::: Dataset
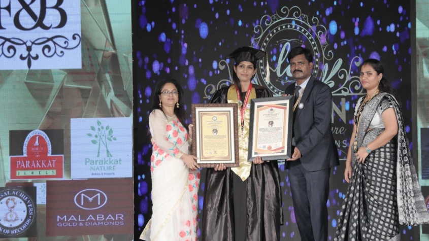 UNIVERSAL ACHIEVERS BOOK OF RECORDS Certify and Honour Mr. RAJESH MENON – SHOW DIRECTOR, FRIENDS & BEAUTY GROUP, ERNAKULAM, KERALA, INDIA for CREATING A MASS WORLD RECORD OF MOST MAKEUP ARTISTS, FASHION DESIGNERS, MODELLING COMPANIES AND MODELS TO PERFORM BRIDAL MAKEUP AND FANTACY MAKEUP IN A FASTEST TIME OF 22 MINUTES AND 22 SECONDS AND SHOWCASING IT THROUGH A FASHION SHOW PERFORMANCE IN SINGLE LOCATION ON 6TH DECEMBER, 2022 IN VGDM HALL, THAZHA THANGADI, KOTTAYAM, KERALA, INDIA.
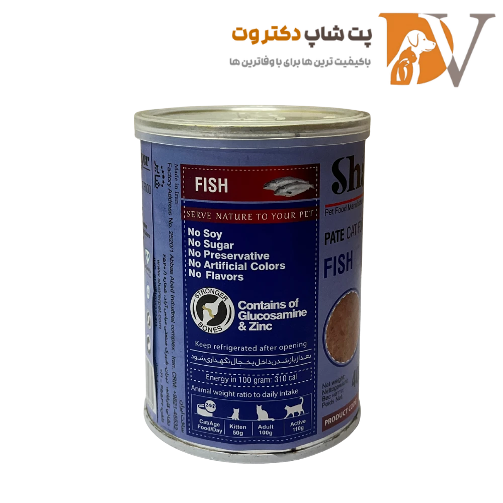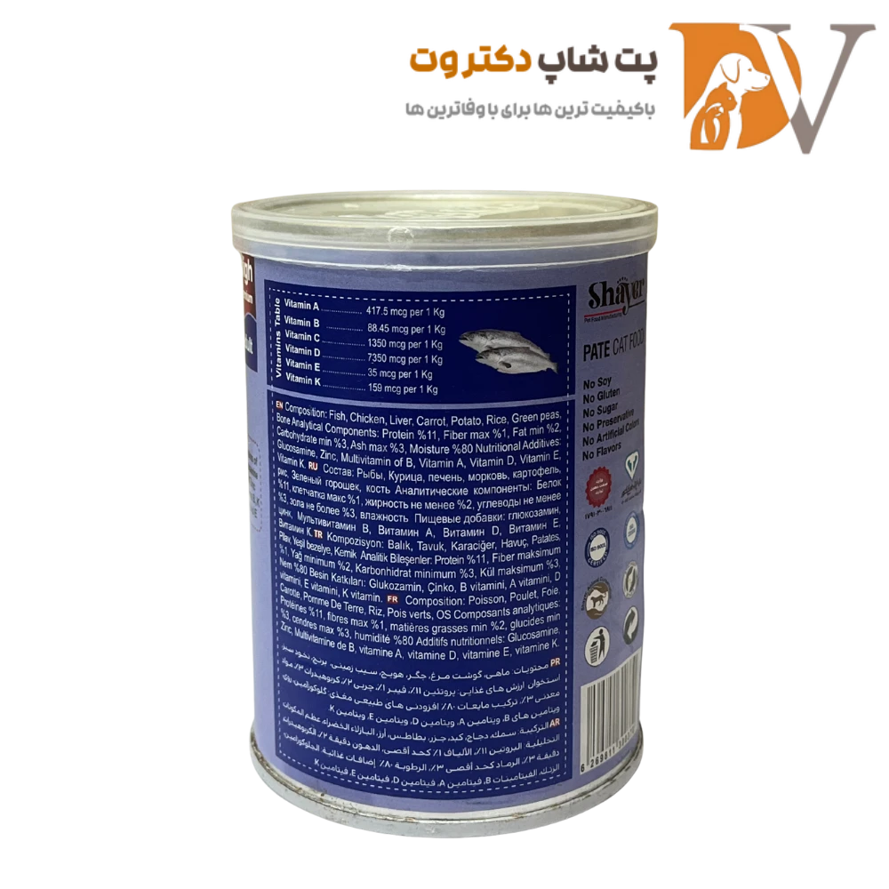 کنسرو پته گربه با طعم ماهی برند شایر Shayer Pate With Fish وزن ۴۰۰ گرم
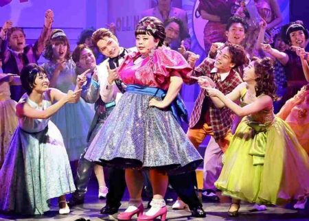 Watanabe, center, plays Tracy in “Hairspray” in Tokyo in September.
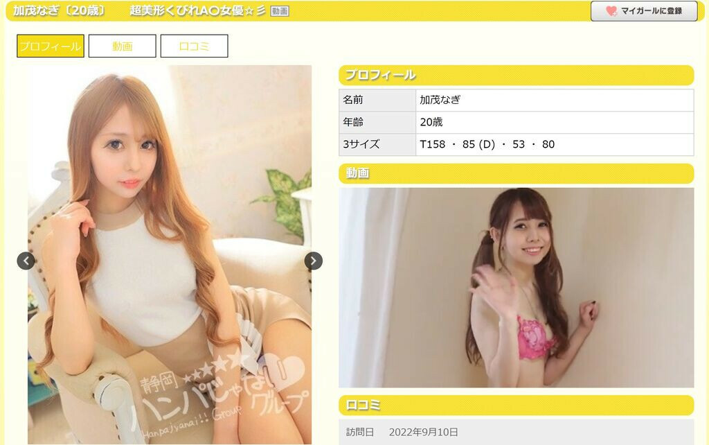 與絕大多數在本中出道的新人一樣,加茂なぎ(加茂凪)在發完出道作後就像自由落體般墜落,後來不只作品很少,也只有一家片商願意再給她一次單獨演出的機會,然後她就像斷了線的風箏一樣飄離AV界轉進風俗界,之前在桜木花道(櫻木花道)的故鄉神奈川做外送妹,只要安西教練想亂來就可以Call她再摳她〜
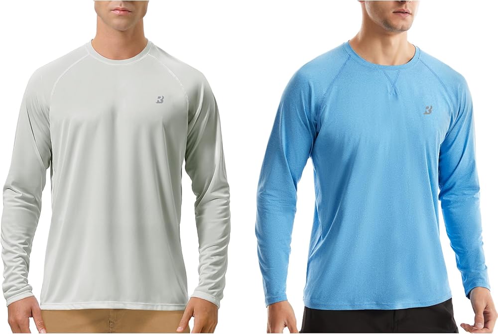 (الحجم: L) 2 حزمة من قمصان الحماية من أشعة الشمس فوق البنفسجية 50+ للرجال في الهواء الطلق بأكمام طويلة وعامل حماية من الشمس SPF للغوص والصيد والمشي لمسافات طويلة والسباحة
::::::
Do not copy pictures. Restate exactly the lines from the one containing "與絕大多數在本中出道的新人一" through the last line of the records.

#### Task response
 與絕大多數在本中出道的新人一樣,加茂なぎ(加茂凪)在發完出道作後就像自由落體般墜落,後來不只作品很少,也只有一家片商願意再給她一次單獨演出的機會,然後她就像斷了線的風箏一樣飄離AV界轉進風俗界,之前在桜木花道(櫻木花道)的故鄉神奈川做外送妹,只要安西教練想亂來就可以Call她再摳她〜
 (الحجم: L) 2 حزمة من قمصان الحماية من أشعة الشمس فوق البنفسجية 50+ للرجال في الهواء الطلق بأكمام طويلة وعامل حماية من الشمس SPF للغوص والصيد والمشي لمسافات طويلة والسباحة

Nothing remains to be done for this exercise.